**YOUR TASK**
For the entries below, print exactly the lines between the line holding "Сегодня, 8 апреля, стало" and the line holding "賛美が聞こえてニコニコのEちゃん。現在ベビーシッター中荻原さん。", inclusive, and nothing else.

──────── RECORDED DATA ────────

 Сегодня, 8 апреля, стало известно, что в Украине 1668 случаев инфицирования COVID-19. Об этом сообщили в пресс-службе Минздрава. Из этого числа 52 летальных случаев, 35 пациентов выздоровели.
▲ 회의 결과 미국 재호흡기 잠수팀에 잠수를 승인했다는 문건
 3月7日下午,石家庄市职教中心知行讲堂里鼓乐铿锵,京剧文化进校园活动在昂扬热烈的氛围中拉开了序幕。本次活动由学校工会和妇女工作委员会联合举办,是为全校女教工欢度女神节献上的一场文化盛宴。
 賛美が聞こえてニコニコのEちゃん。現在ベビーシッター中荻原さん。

────────
──────── RECORDED DATA ────────

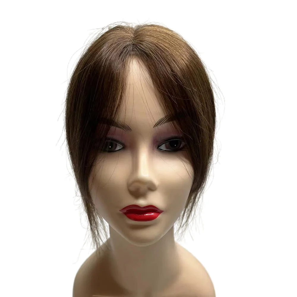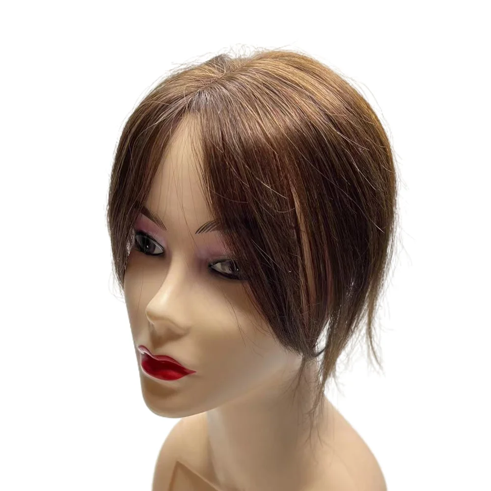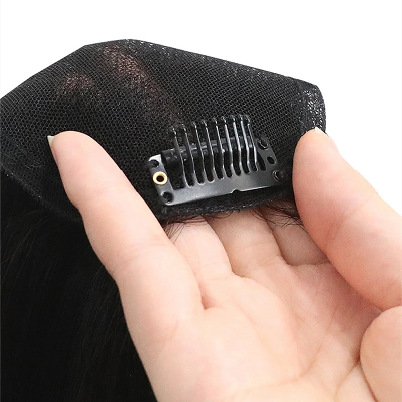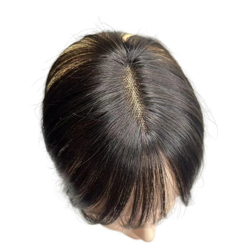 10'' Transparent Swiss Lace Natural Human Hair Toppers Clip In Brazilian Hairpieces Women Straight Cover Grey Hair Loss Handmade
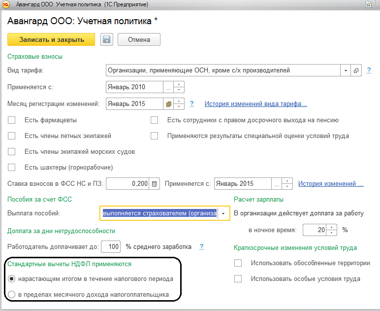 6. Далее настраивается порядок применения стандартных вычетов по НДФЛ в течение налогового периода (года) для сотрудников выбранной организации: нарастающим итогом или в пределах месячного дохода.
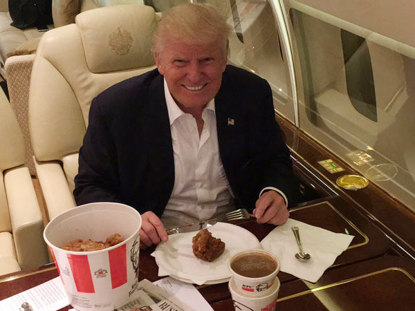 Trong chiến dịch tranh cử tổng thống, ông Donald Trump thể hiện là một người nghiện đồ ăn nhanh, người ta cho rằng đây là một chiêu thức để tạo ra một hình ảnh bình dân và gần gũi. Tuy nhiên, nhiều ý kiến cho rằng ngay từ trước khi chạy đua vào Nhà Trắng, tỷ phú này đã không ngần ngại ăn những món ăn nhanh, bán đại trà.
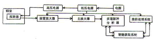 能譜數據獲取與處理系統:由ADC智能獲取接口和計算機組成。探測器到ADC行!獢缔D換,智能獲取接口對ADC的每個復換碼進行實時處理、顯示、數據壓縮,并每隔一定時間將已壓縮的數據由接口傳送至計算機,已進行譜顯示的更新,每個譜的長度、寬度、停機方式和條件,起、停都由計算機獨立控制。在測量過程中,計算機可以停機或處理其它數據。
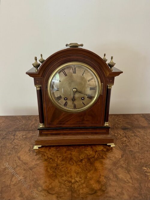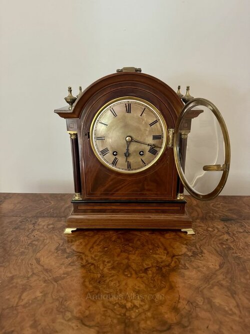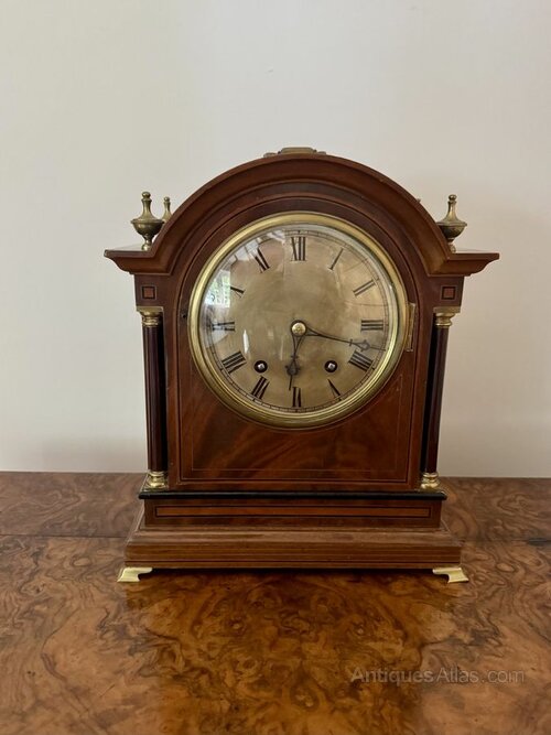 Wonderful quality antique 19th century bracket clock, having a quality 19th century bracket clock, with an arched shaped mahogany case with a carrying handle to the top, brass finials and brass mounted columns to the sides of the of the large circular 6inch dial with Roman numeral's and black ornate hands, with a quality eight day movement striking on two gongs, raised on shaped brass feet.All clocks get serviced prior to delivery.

────────
──────── RECORDED DATA ────────

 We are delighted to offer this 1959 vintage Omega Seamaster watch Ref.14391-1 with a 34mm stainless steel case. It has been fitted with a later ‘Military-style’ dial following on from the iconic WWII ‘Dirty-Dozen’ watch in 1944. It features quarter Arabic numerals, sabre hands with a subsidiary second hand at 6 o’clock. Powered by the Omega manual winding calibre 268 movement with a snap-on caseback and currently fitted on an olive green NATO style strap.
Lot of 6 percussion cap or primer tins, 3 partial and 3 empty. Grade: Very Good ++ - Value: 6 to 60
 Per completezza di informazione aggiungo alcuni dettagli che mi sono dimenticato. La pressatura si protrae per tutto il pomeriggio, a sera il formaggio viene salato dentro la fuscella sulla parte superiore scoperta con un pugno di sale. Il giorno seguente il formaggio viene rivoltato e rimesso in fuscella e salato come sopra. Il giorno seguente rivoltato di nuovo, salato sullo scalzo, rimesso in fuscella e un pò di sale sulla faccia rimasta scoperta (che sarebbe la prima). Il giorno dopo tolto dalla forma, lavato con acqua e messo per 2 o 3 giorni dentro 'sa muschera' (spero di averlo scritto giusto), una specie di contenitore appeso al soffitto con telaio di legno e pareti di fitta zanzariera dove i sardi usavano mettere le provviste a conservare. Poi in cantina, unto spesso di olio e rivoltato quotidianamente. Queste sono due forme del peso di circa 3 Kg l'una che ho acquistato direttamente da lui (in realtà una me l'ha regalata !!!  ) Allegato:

────────

**ANSWER SECTION**
 Сегодня, 8 апреля, стало известно, что в Украине 1668 случаев инфицирования COVID-19. Об этом сообщили в пресс-службе Минздрава. Из этого числа 52 летальных случаев, 35 пациентов выздоровели.
▲ 회의 결과 미국 재호흡기 잠수팀에 잠수를 승인했다는 문건
 3月7日下午,石家庄市职教中心知行讲堂里鼓乐铿锵,京剧文化进校园活动在昂扬热烈的氛围中拉开了序幕。本次活动由学校工会和妇女工作委员会联合举办,是为全校女教工欢度女神节献上的一场文化盛宴。
 賛美が聞こえてニコニコのEちゃん。現在ベビーシッター中荻原さん。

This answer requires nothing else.